I apologize if I seem like I'm trolling or a chauvinist. I'm neither. I respect women. I just don't get why they send mixed messages to other men despite being in a committed relationship, and then act holier-than-thou when the male acts on said messages.

Its almost as if they are engaging in an ego gratification exercise- seeing how many men they can attract or have hit on them in a given day to feel better about themselves.
 
I apologize if I seem like I'm trolling or a chauvinist. I'm neither. I respect women. I just don't get why they send mixed messages to other men despite being in a committed relationship, and then act holier-than-thou when the male acts on said messages.

Its almost as if they are engaging in an ego gratification exercise- seeing how many men they can attract or have hit on them in a given day to feel better about themselves.
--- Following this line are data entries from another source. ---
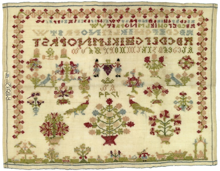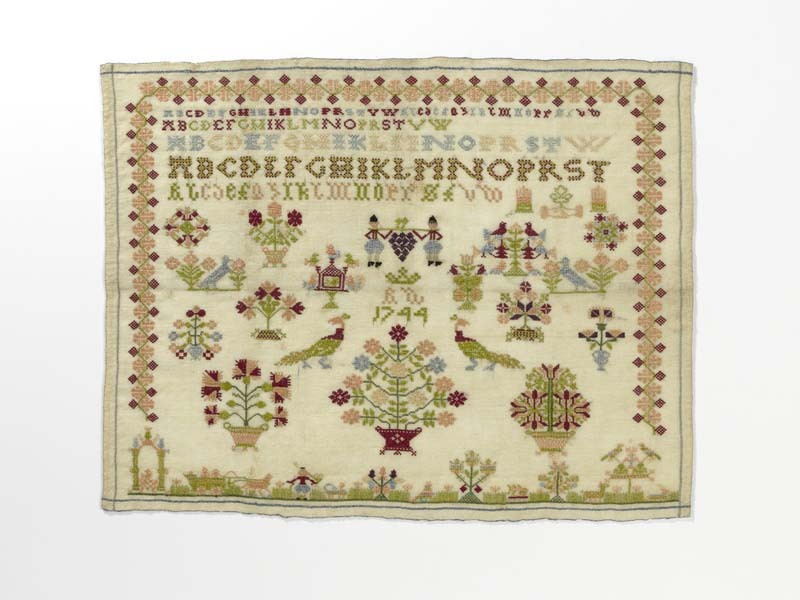 Merkletterlap in felle kleuren roze, karmijnrood, appelgroen en lichtblauw, gemerkt A.W., 1744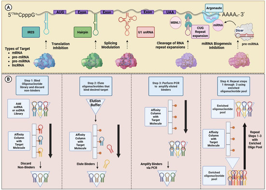 Small molecules and aptamers as tools for RNA targeting. (A) Schematic representation of the primary mechanisms by which small molecules target RNA. These compounds can modulate pre-mRNA splicing by inhibiting or stabilizing interactions with the splicing machinery, inhibit translation by binding to internal ribosome entry sites (IRES) and blocking ribosome binding, correct structural abnormalities (like expansions of CUG repeats) in mRNAs, and interfere with pre-miRNA disrupting its biogenesis. (B) Overview of the Systematic Evolution of Ligands by EXponential enrichment (SELEX) process, illustrating the iterative selection of aptamers with high affinity and specificity for a given RNA target.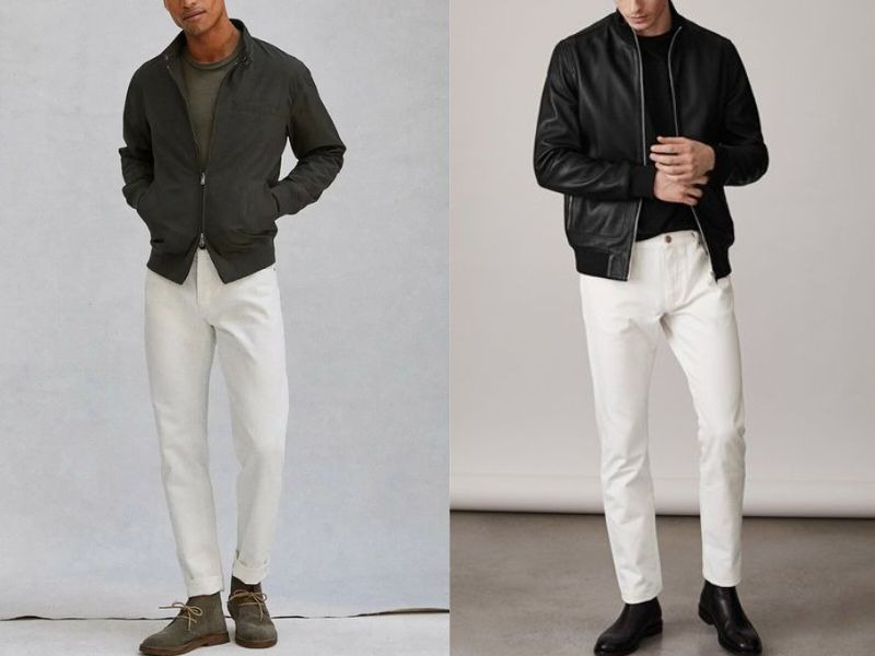 Với màu trắng tinh khôi của quần jean, bạn có thể chọn áo khoác kaki màu tối để tạo sự cân bằng cho trang phục của mình. Đồng thời, việc mix quần jean trắng nam với áo khoác kaki cũng mang lại sự thoải mái khi di chuyển và tự tin hơn khi gặp gỡ người ấy.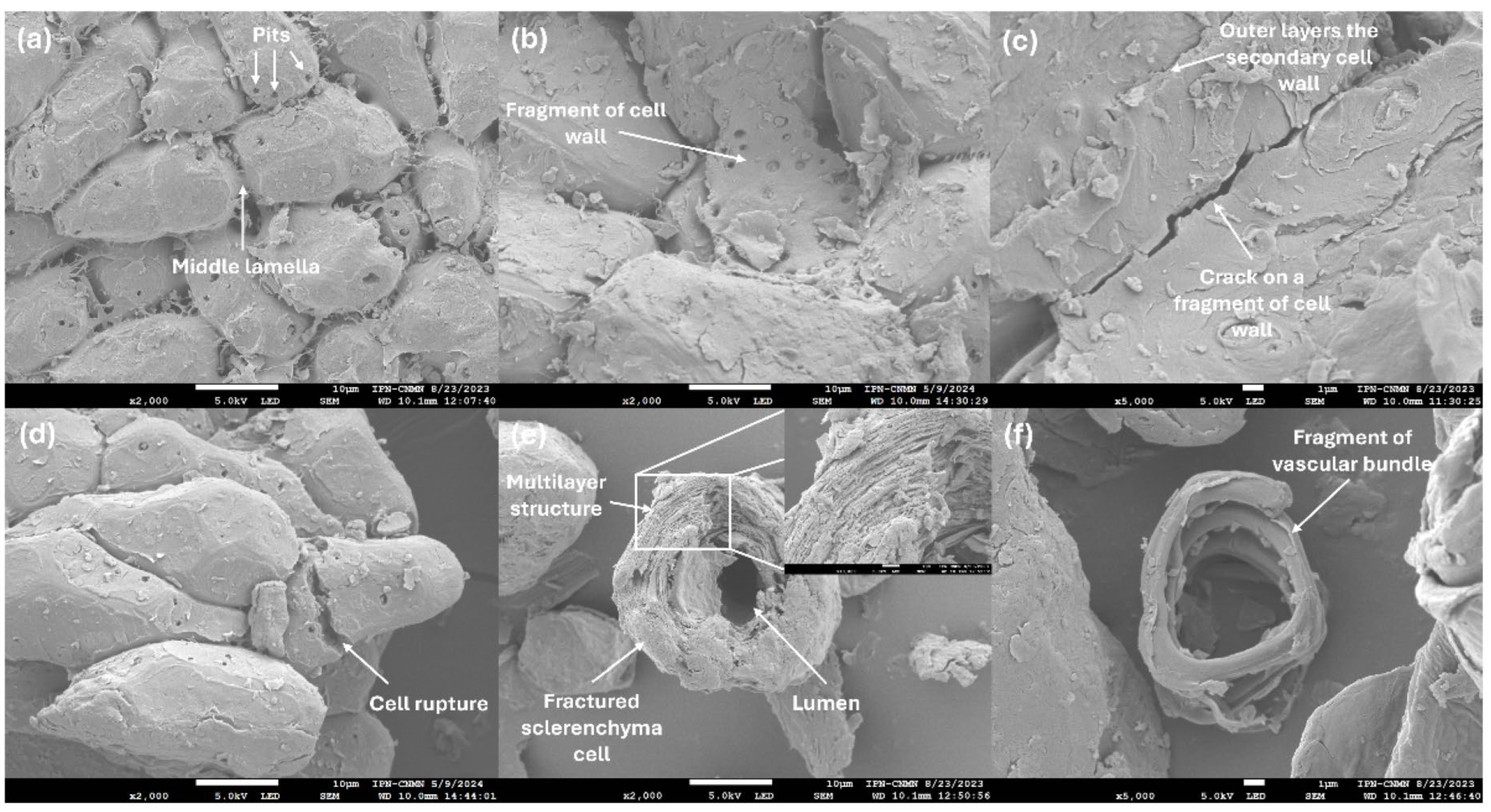 - Nicolás-Bermúdez, J.; Arzate-Vázquez, I.; Chanona-Pérez, J.J.; Méndez-Méndez, J.V.; Perea-Flores, M.J.; Rodríguez-Castro, G.A.; Domínguez-Fernández, R.N. Characterization of the Hierarchical Architecture and Micromechanical Properties of Walnut Shell (Juglans regia L.). J. Mech. Behav. Biomed. Mater. 2022, 130, 105190. [Google Scholar] [CrossRef]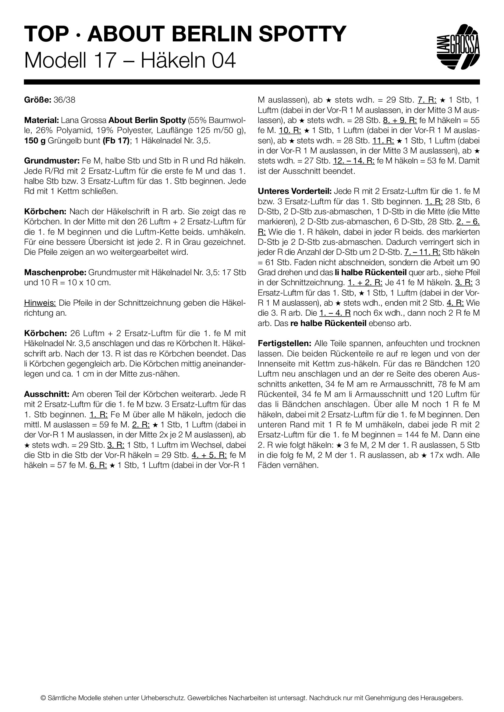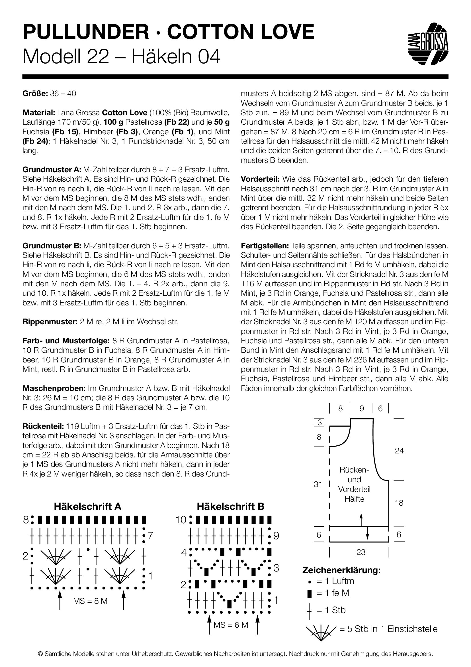 В этом журнале представлено 19 схем для жизнерадостной моды в летних цветах. Lana Grossa Filati Crochet – это вязаные крючком изделия и аксессуары, такие как топы, платья, жакеты, шали, летние шляпки и сумки. Каждая схема обладает уникальным шармом и выполнена в ярких цветах, так что вы сможете связать стильное изделие для весны и лета в кратчайшие сроки!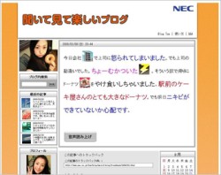 また、同社ではこれらの技術を利用したブログ作成システム「聞いて見て楽しいブログ」を開発。携帯電話から音声メッセージと写真をメールで送信するだけで、特徴的な音声合成による楽しい読み上げや、豊かな文字飾り付けなどがなされたブログを作成可能にした。

Yeah he does actually have legit points here. A lot of women are bitches, what can you say? Just move on to the next girl.
 
I am a dude and find this offensive. You seem like a tool. Sorry women can't smile at you without you presuming they want to bang, that your standards are too high, and you think women are "sluts" if they enjoy sex.

Maybe tone down the male chauvinistic rhetoric a bit and you too can score like the rest of us.

For the record, she went out of her way to smile, contorting in different gymnast like positions to catch my attention, flipped her red hair around like a peacock, and then continued to stare at me shamelessly while talking about random unimportant things. If this isnt interest, what is?